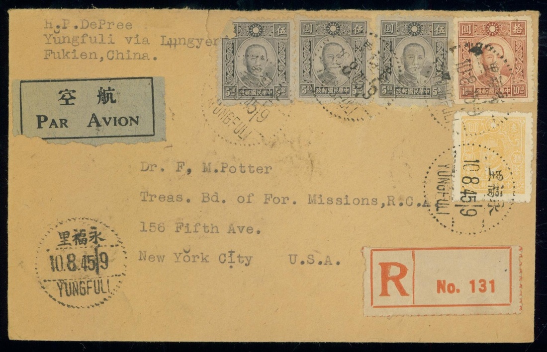 1945(18 Aug.) Fukien airmail regis. censor cover to US. SYS $3,$5(3),$10 tied with Yongfuli cds.
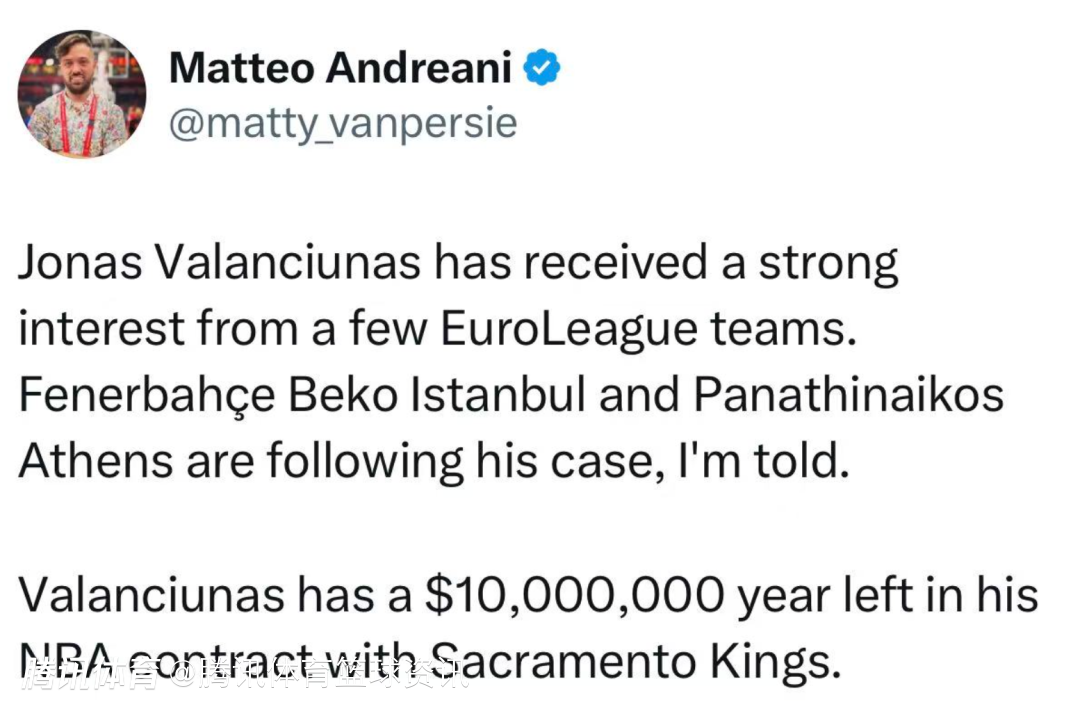 2025-05-26 14:10北京时间5月26日,据欧洲记者Matteo Andreani报道,瓦兰丘纳斯已经受到多支欧冠联赛球队的浓厚兴趣,包括费内巴切和帕纳辛纳科斯正在密切关注他的情况。
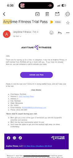 I finished my rehab and went to cancel my membership (which they wouldn't accept my cancellation via email despite state statute) and when i was signing the form the same AF employee who tried to upsell me says "so you're just gonna quit?" Hugely unprofessional attempt to guilt trip or shame me into staying at the gym.
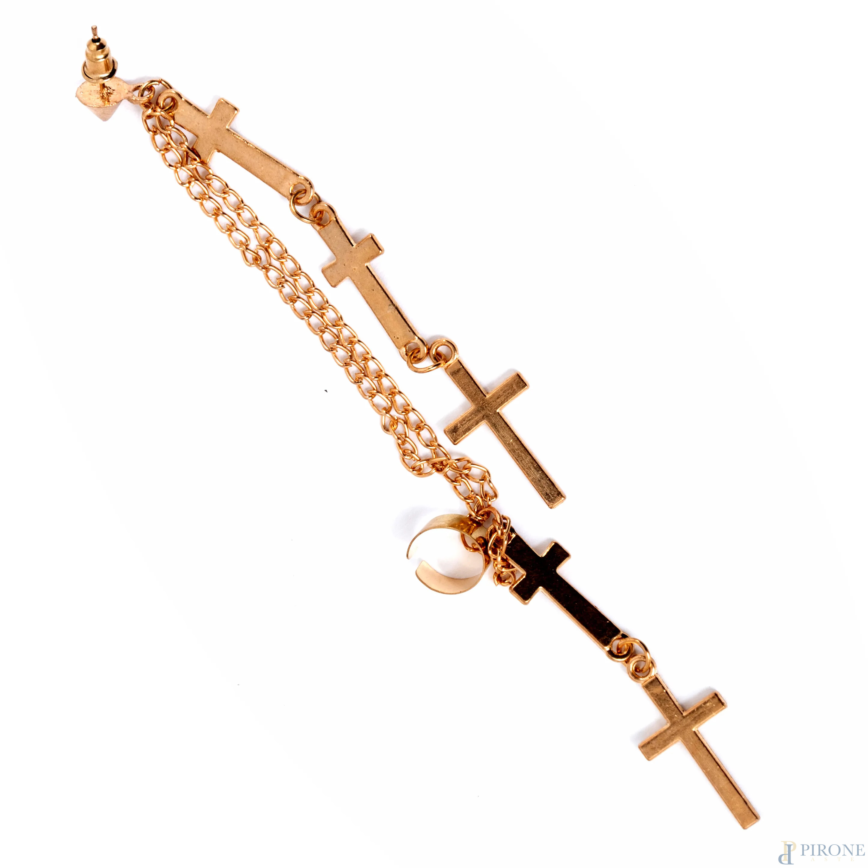 Orecchino a pendente con ciondoli a croce in metallo dorato, lunghezza cm 13
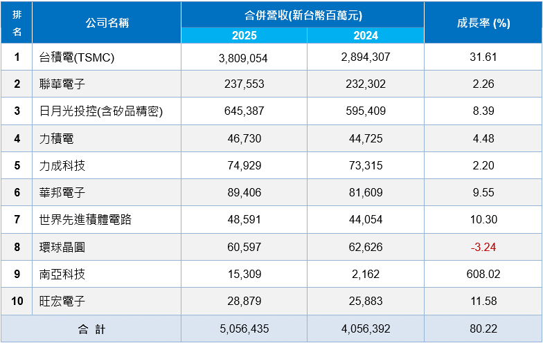據《表二》資料顯示,近五年曾入榜半導體前十大廠商之公開發行以上公司,除了環球晶圓,2025年合併營收皆較前一年度同期成長,且以上公司合計營收亦較前一年度平均成長80.22%。
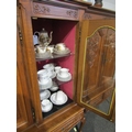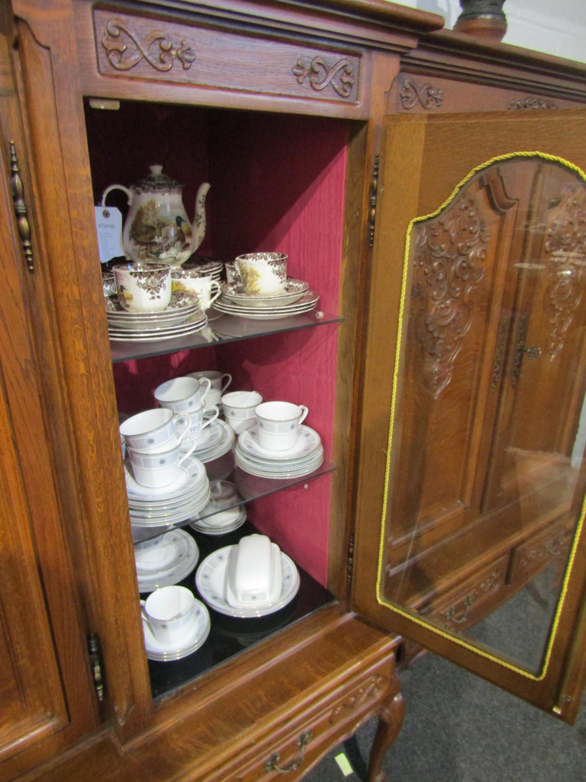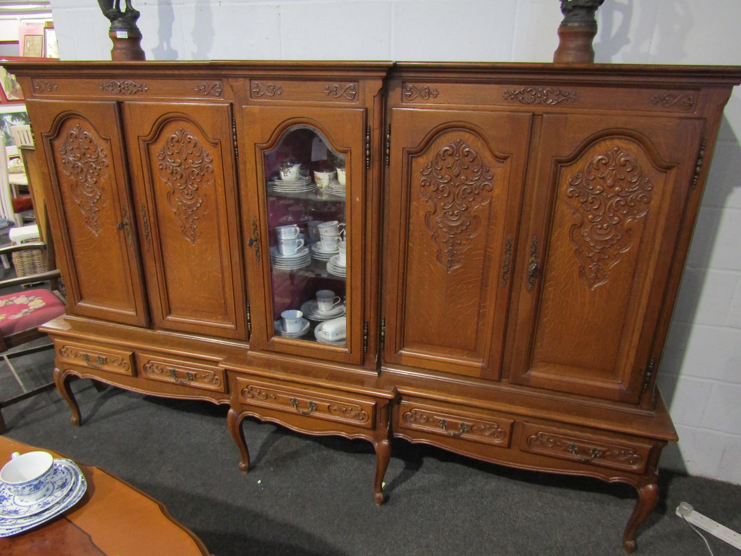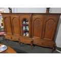 A large medium oak breakfront five door bookcase/cabinet with keys over a five drawer base on French cabriole leg supports, 160cm tall x 250cm wide x 58cm deep approximately
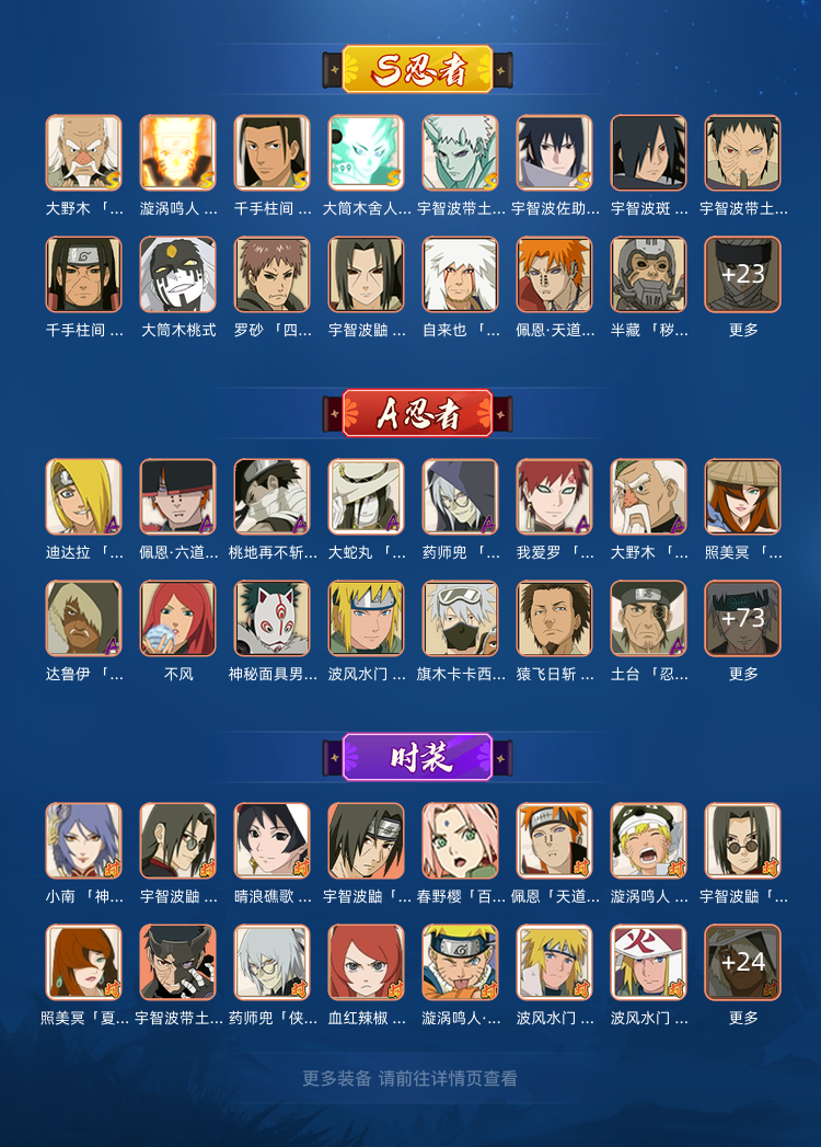忍法帖除金银角和三代雷全有,大部分热门直购A都有

WHAT IS REQUIRED ▸ Quote, word for word and nothing more, every line from the line with "A large medium" to the end of the entries, including both ends; skip any pictures.

EXERCISE SOLUTION ▸
 A large medium oak breakfront five door bookcase/cabinet with keys over a five drawer base on French cabriole leg supports, 160cm tall x 250cm wide x 58cm deep approximately
忍法帖除金银角和三代雷全有,大部分热门直购A都有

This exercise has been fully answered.